According to OFAC, Gracetown continued processing these payments despite receiving prior notice that such transactions were prohibited. The total value of the payments was $31,250.
In its complaint for declaratory and injunctive relief, Gracetown challenged both the amount and process behind OFAC’s enforcement actions. The company argued that OFAC’s $7.1 million penalty is “grossly disproportionate” under the Excessive Fines Clause of the Eighth Amendment to the Constitution, given that the underlying transactions involved “inadvertent acceptance of small-value loan payments” totaling only $31,250 during the relevant time period.
Gracetown further asserted that its conduct was inadvertent and non-egregious: “The violations stemmed from a ‘negligent administrative oversight,’ rather than from an intent to evade U.S. sanctions,” it stated in court filings. The company emphasized its status as a first-time offender and said there was no evidence of any attempt to back-channel payments for Deripaska’s benefit. It described OFAC’s claims otherwise as “baseless.”
Another key point in Gracetown’s legal argument concerns mitigation credit for voluntary disclosure and cooperation with authorities. The company claimed it voluntarily disclosed “complete information” regarding these transactions to OFAC in January 2022—almost two years after the last alleged violation—and entered into a tolling agreement during OFAC’s investigation. According to Gracetown: “OFAC’s understanding of the alleged violations was materially shaped and advanced by [its] disclosure,” providing substantial mitigating value that OFAC denied.
The lawsuit also raises several constitutional challenges:
– Due Process: Gracetown argued that OFAC’s enforcement process under Ukraine-/Russia-Related Sanctions Regulations lacks impartial adjudication compared with other programs where hearings are held before an Administrative Law Judge.

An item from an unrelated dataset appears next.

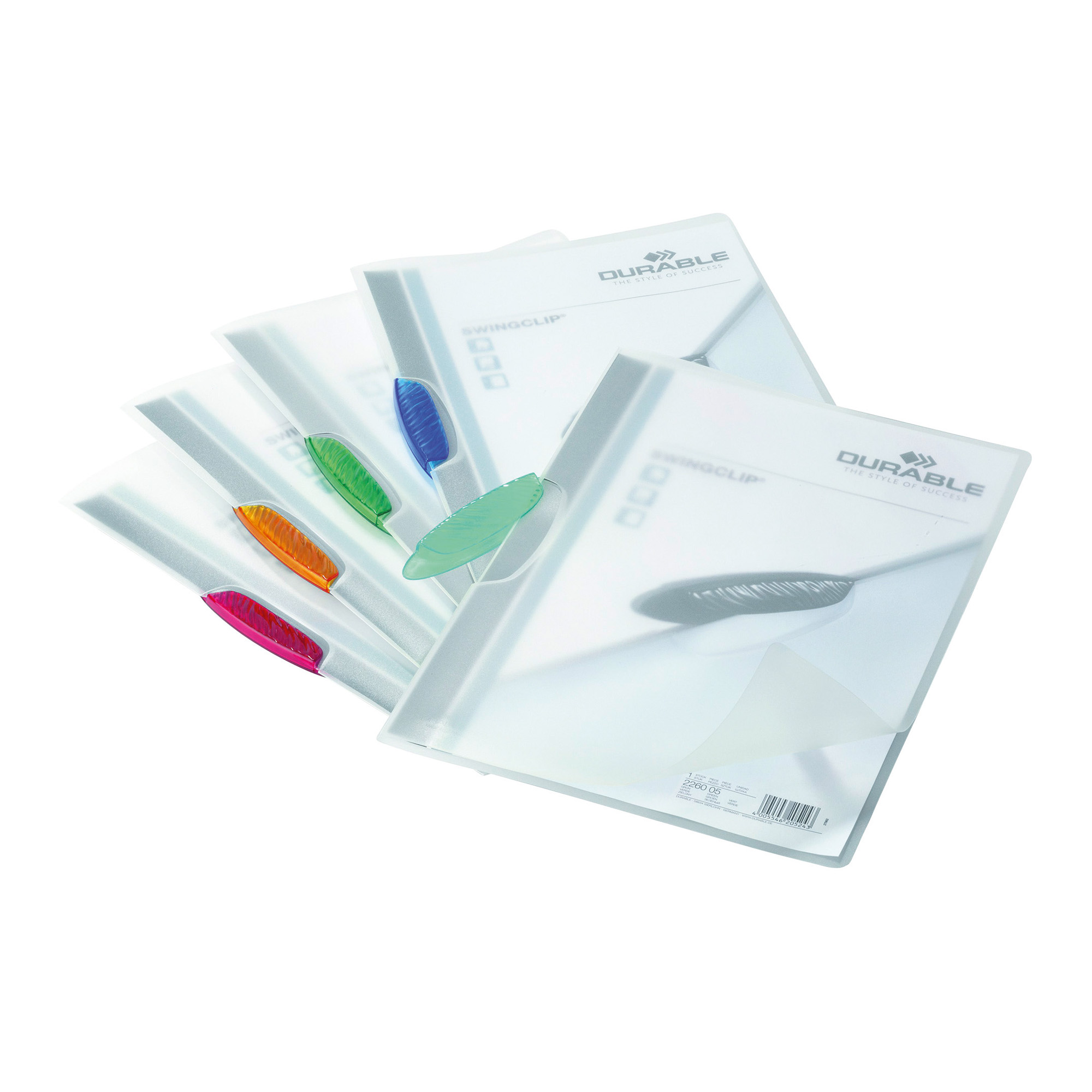 Realizzata in polipropilene, Swingclip è un raccoglitore trasparente con una clip a perno colorata.

– Equal Protection: As a U.S.-based company with Russian ownership ties, Gracetown alleged discriminatory treatment based on national origin or affiliation, noting similarly situated non-Russian-affiliated entities received mitigation credit.
– Excessive Fines: Reiterating its earlier claim about proportionality, Gracetown said the penalty—more than 200 times greater than the transaction value—violates constitutional protections against excessive fines.
– Right to Jury Trial: Citing SEC v. Jarkesy (603 U.S. 109 [2024]), Gracetown contended punitive civil penalties like this require jury trial rights under Article III courts per the Seventh Amendment.
The court will now consider whether OFAC’s penalty was arbitrary or capricious under federal law and if constitutional safeguards apply when civil sanctions are imposed in similar contexts.
A decision favoring Gracetown could affect future enforcement practices at OFAC and may lead to new procedural requirements.